Traditional British, Lite Bite Vegetarian, Strong White Bread Flour

Rustic Country Bread (Granary) with Raisins and Roasted Walnuts

Serves 8

Ingredients

Method

100 g. Strong White Flour
4 tbsp. Water(Luke Warm)
5 g. Yeast (Fresh)
500 g. Strong White Bread Flour
300 ml. Water(Luke Warm)
12 g. Yeast (Fresh)
165 g. (1 batch) Fermented Dough 
15 g. Salt (Kosher)
125 g. Walnuts
125 g. Raisins (Seedless) poached for 5 minutes in white wine.

Start by making the fermented dough starter.

Knead the flour and water in a bowl for 5 minutes.

Crumble in the yeast and knead for a further 10 minutes.

Cover the bowl with a cloth and prove the dough for 3 hours at room temperature then knock back the dough and prove again for another 3 hours.

It is now ready to be used or stored in the refrigerator in an airtight container.

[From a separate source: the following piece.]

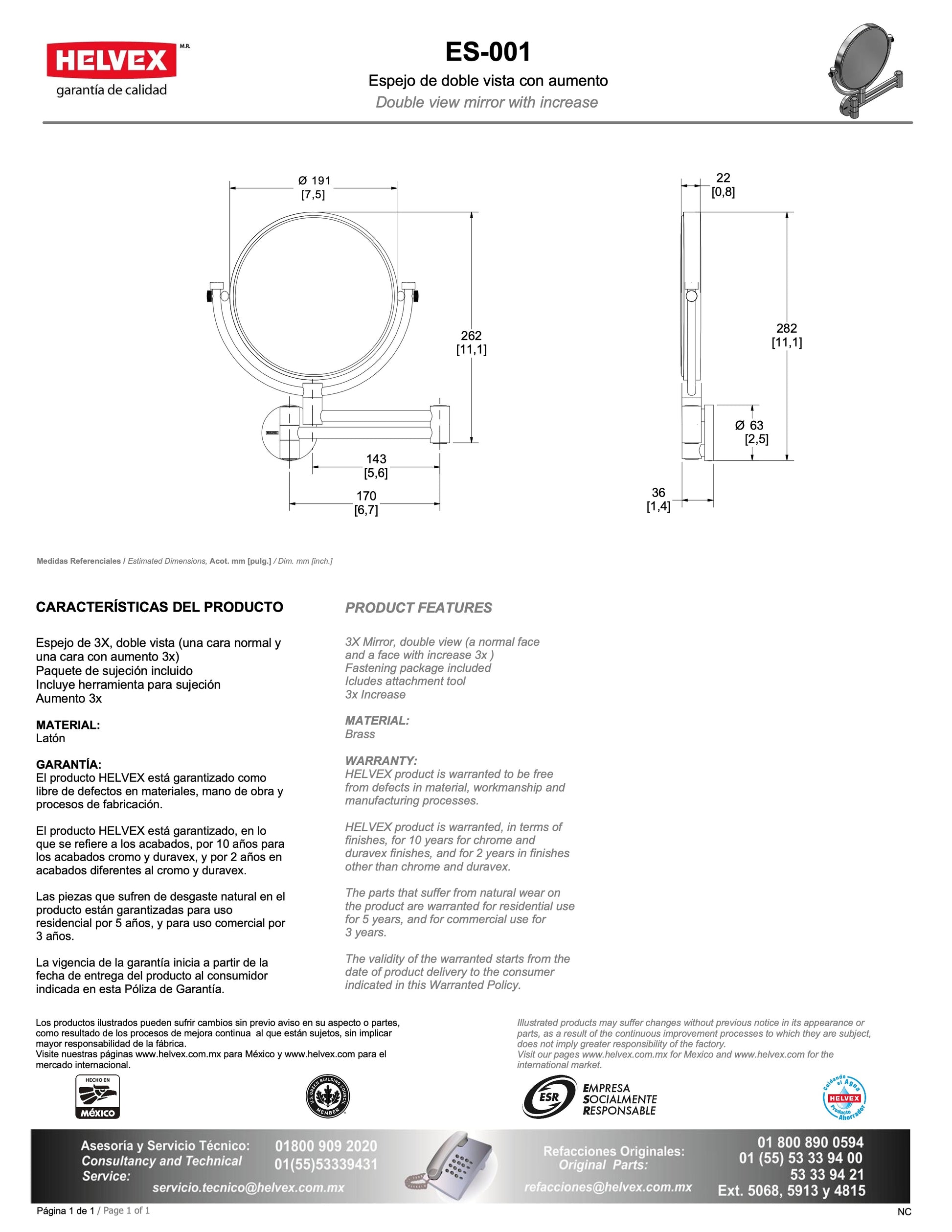 El espejo redondo Helvex ES-001 es la elección perfecta para quienes buscan infundir un aire de modernidad y sofisticación en sus espacios. Con un diámetro de 26.2 cm, su diseño compacto y elegante se adapta con facilidad a cualquier baño o dormitorio, convirtiéndose en un elemento decorativo esencial que realza la estética del ambiente. Su acabado cromado y estructura en latón cromado no solo aportan un brillo refinado, sino que también garantizan una durabilidad excepcional, reflejando la calidad y el cuidado en cada detalle. Este espejo, que no incorpora iluminación propia, aprovecha la luz natural para ofrecer un reflejo nítido y claro, ideal para el cuidado personal diario. Su peso de 2.5 kg facilita una instalación segura y sencilla en la pared, asegurando estabilidad sin comprometer la elegancia. La forma circular del espejo añade un toque de suavidad y equilibrio visual, complementando armoniosamente una amplia gama de estilos decorativos, desde el minimalismo más puro hasta ambientes contemporáneos y sofisticados. Más allá de su función práctica, el Helvex ES-001 se convierte en un verdadero objeto de diseño que aporta carácter y distinción a cualquier espacio. Su fabricación en México durante el siglo XXI refleja un compromiso con la excelencia y la innovación en el diseño de interiores. La reconocida calidad de Helvex asegura un producto resistente y duradero que no solo embellece el entorno, sino que también se convierte en un aliado indispensable en la rutina diaria, fusionando funcionalidad y estilo con una elegancia atemporal.

If refrigerating, take out 2 hours before re-prove.

This starter dough will make 3 Loaves or 25 Rolls.

To make the Granary Walnut and Raisin Bread :

Place the flour in an electric mixing bowl, pour the water in and start the mixer and mix slowly for 3 minutes.

Crumble the yeast into the bowl and knead in the mixer for 10 minutes.

Add salt and fermented dough starter and knead for a further 5 minutes at the same speed.

Leave in a greased bowl to prove for at least 1 hour, knock it back and leave to prove again for a further 1 hour.

Knock it back, add the raisins and walnuts, incorporate them into the mixture, and if making loaves split into 3 equal portions, or divide dough into 25 equal portions for rolls. Mould into desired shape and place on a greased baking tray. Cover lightly in cling film and leave to prove for 1 hour or until they have doubled in size.

Remove cling film, dust with flour and cook in a pre-heated very hot oven 230ºC / 450ºF until cooked.

Tip: When cooking bread, place a roasting tray of water in the bottom of the oven, this helps to keep the bread moist.